» **SOURCE RECORDS**:
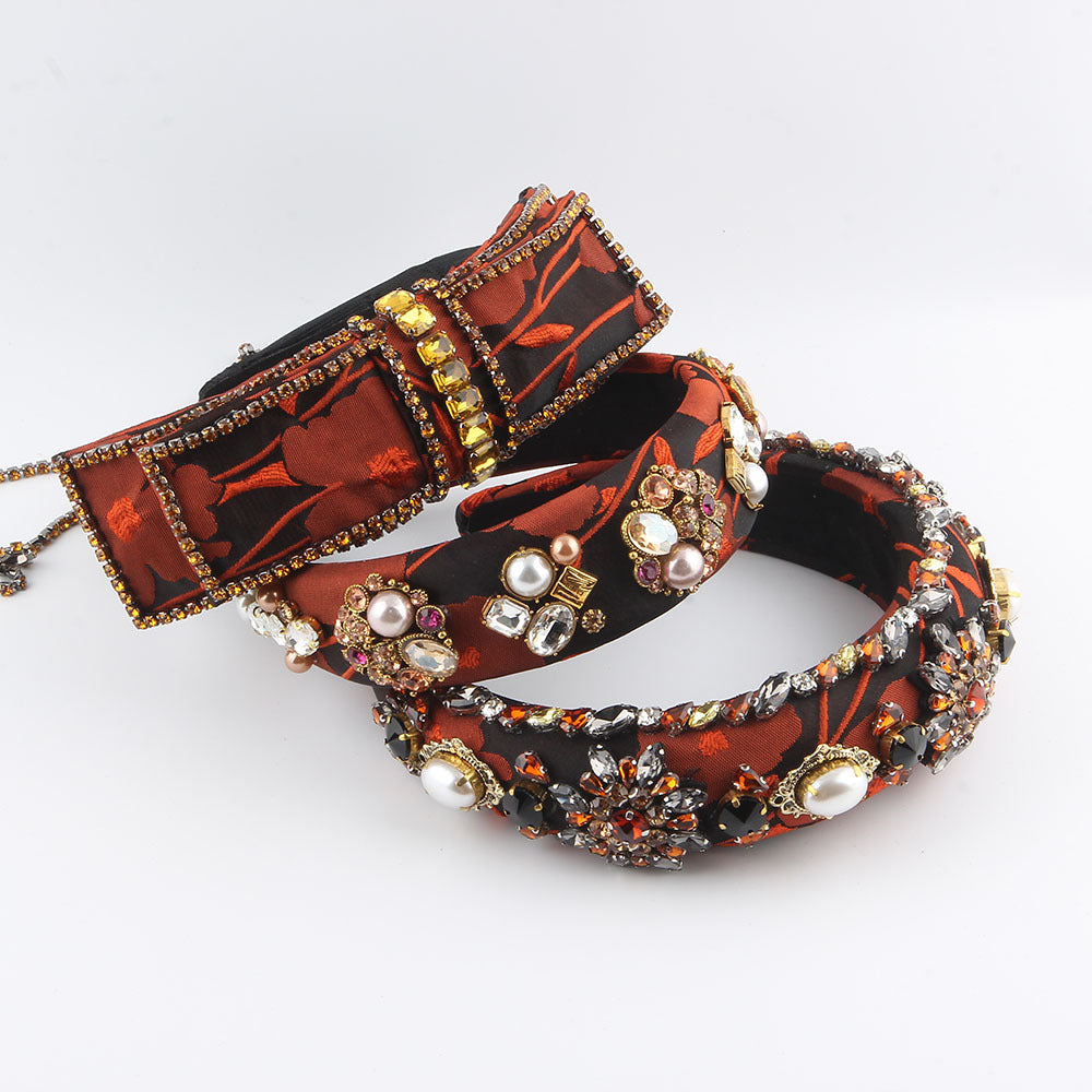 Wholesale Baroque Cross border Sponge Inlaid Diamond Hair Hoops
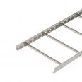 Kabelleiter in Seitenhöhe 60 mm mit eingeschweißten, nach oben offenen C30- Profil Sprossen. Eingerollter Seitenholm zur Verstärkung und als Kantenschutz. Die Befestigung auf dem Ausleger erfolgt mit Klemmstücken Typ LKS 40. Das Schlitzmaß der Sprosse beträgt 16,5 mm, die passende Bügelschelle ist der Typ 2056.
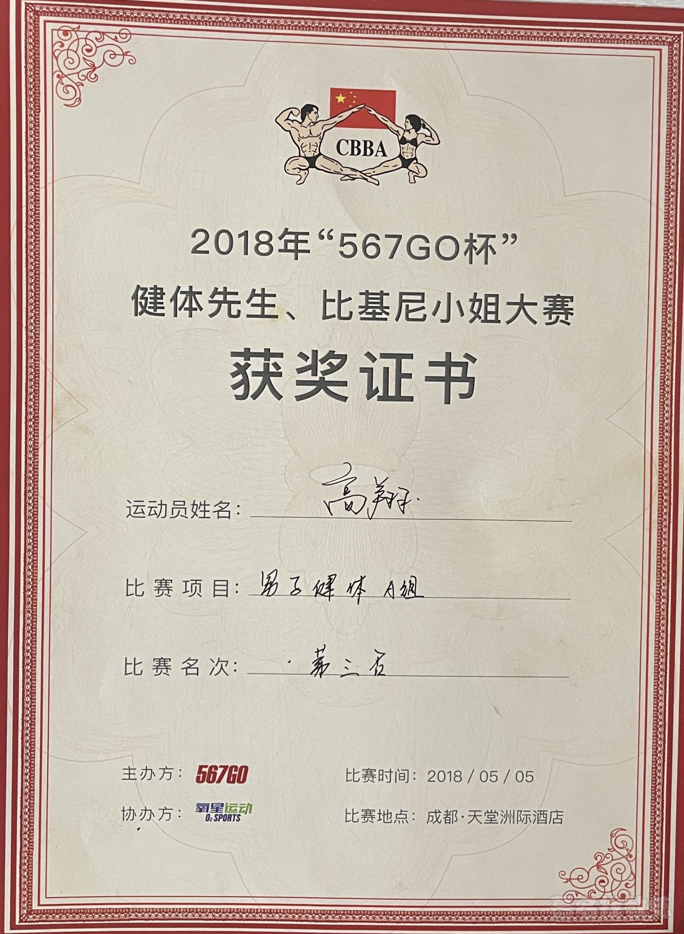 1️⃣2017 china fit 成都站 健体 B 组季军🥉 2️⃣2018-4台湾肌能系贴扎认证 3️⃣2023-4美国国家运动医学会—CPT 认证 2018CBBA china fit 健体 B 组季军🥉
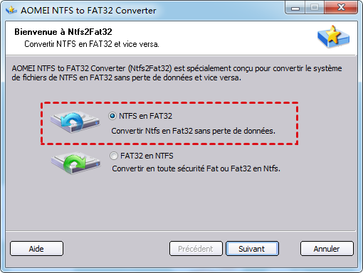 De plus, si le système de fichiers actuel du disque de 2 To est NTFS, vous pouvez convertir NTFS en FAT32 via AOMEI Partition Assistant. Cette fonctionnalité vous permet de convertir directement des systèmes de fichiers entre NTFS et FAT32 sans perdre de données.
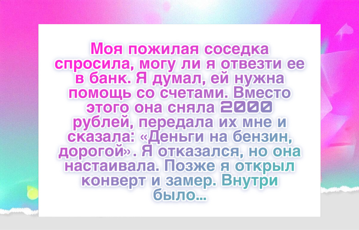 “Моя пожилая соседка попросила отвезти ее в банк. Я подумал, что ей нужна помощь с оплатой счетов. Но она сняла около 18000 рублей, протянула мне конверт и сказала: «Это на бензин, дорогой». Я отказался, но она настояла.
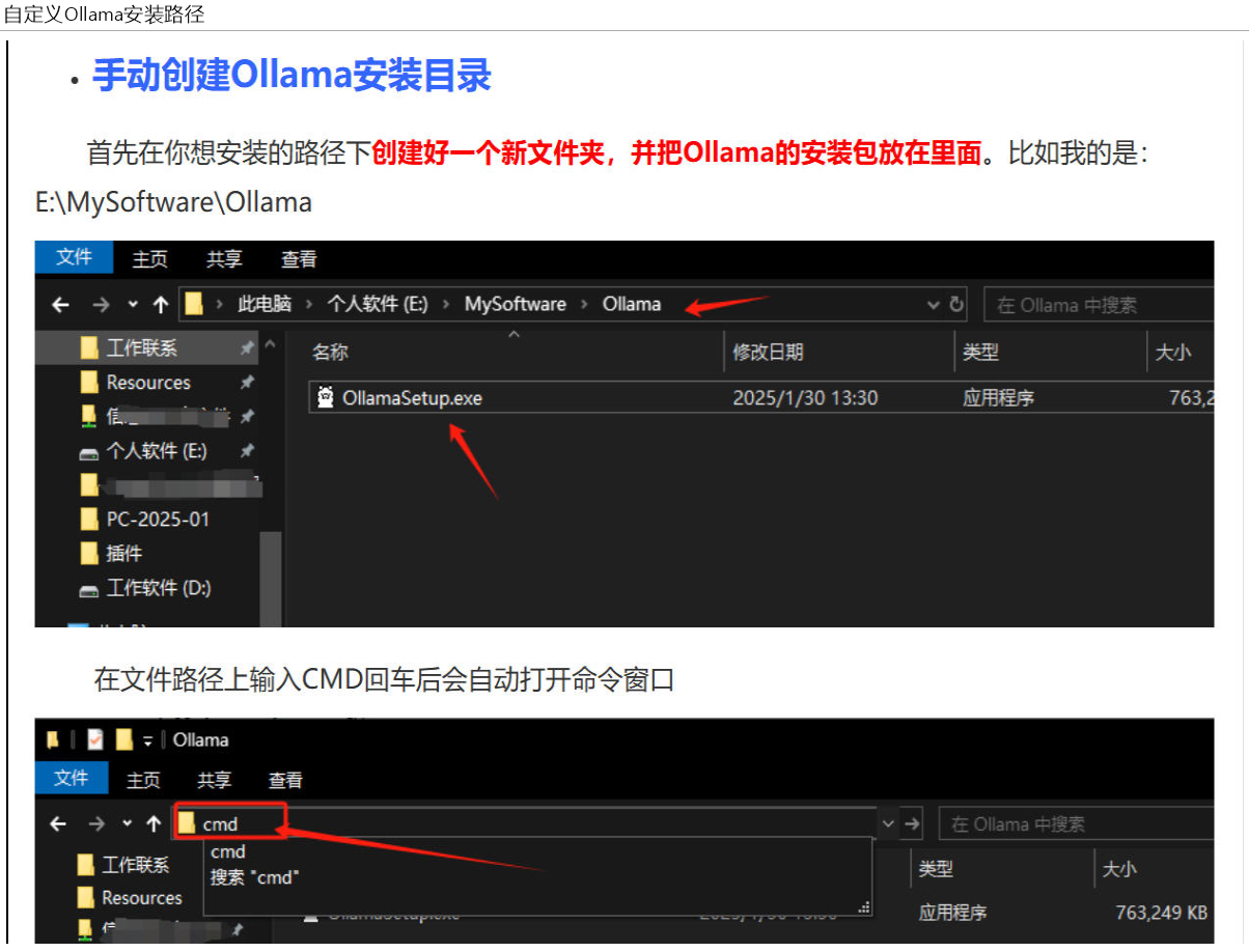 为了防止大模型下载到c盘的用户目录,要按照项目步骤把model文件夹剪切到想要下载大模型的目录,我这里是C:/develop/ollama

» **WHAT IS NEEDED**: Repeat the data exactly as given. Keep every picture out of the copy.

» **RESULT OF THE TASK**:
 Wholesale Baroque Cross border Sponge Inlaid Diamond Hair Hoops
 Kabelleiter in Seitenhöhe 60 mm mit eingeschweißten, nach oben offenen C30- Profil Sprossen. Eingerollter Seitenholm zur Verstärkung und als Kantenschutz. Die Befestigung auf dem Ausleger erfolgt mit Klemmstücken Typ LKS 40. Das Schlitzmaß der Sprosse beträgt 16,5 mm, die passende Bügelschelle ist der Typ 2056.
 1️⃣2017 china fit 成都站 健体 B 组季军🥉 2️⃣2018-4台湾肌能系贴扎认证 3️⃣2023-4美国国家运动医学会—CPT 认证 2018CBBA china fit 健体 B 组季军🥉
 De plus, si le système de fichiers actuel du disque de 2 To est NTFS, vous pouvez convertir NTFS en FAT32 via AOMEI Partition Assistant. Cette fonctionnalité vous permet de convertir directement des systèmes de fichiers entre NTFS et FAT32 sans perdre de données.
 “Моя пожилая соседка попросила отвезти ее в банк. Я подумал, что ей нужна помощь с оплатой счетов. Но она сняла около 18000 рублей, протянула мне конверт и сказала: «Это на бензин, дорогой». Я отказался, но она настояла.
 为了防止大模型下载到c盘的用户目录,要按照项目步骤把model文件夹剪切到想要下载大模型的目录,我这里是C:/develop/ollama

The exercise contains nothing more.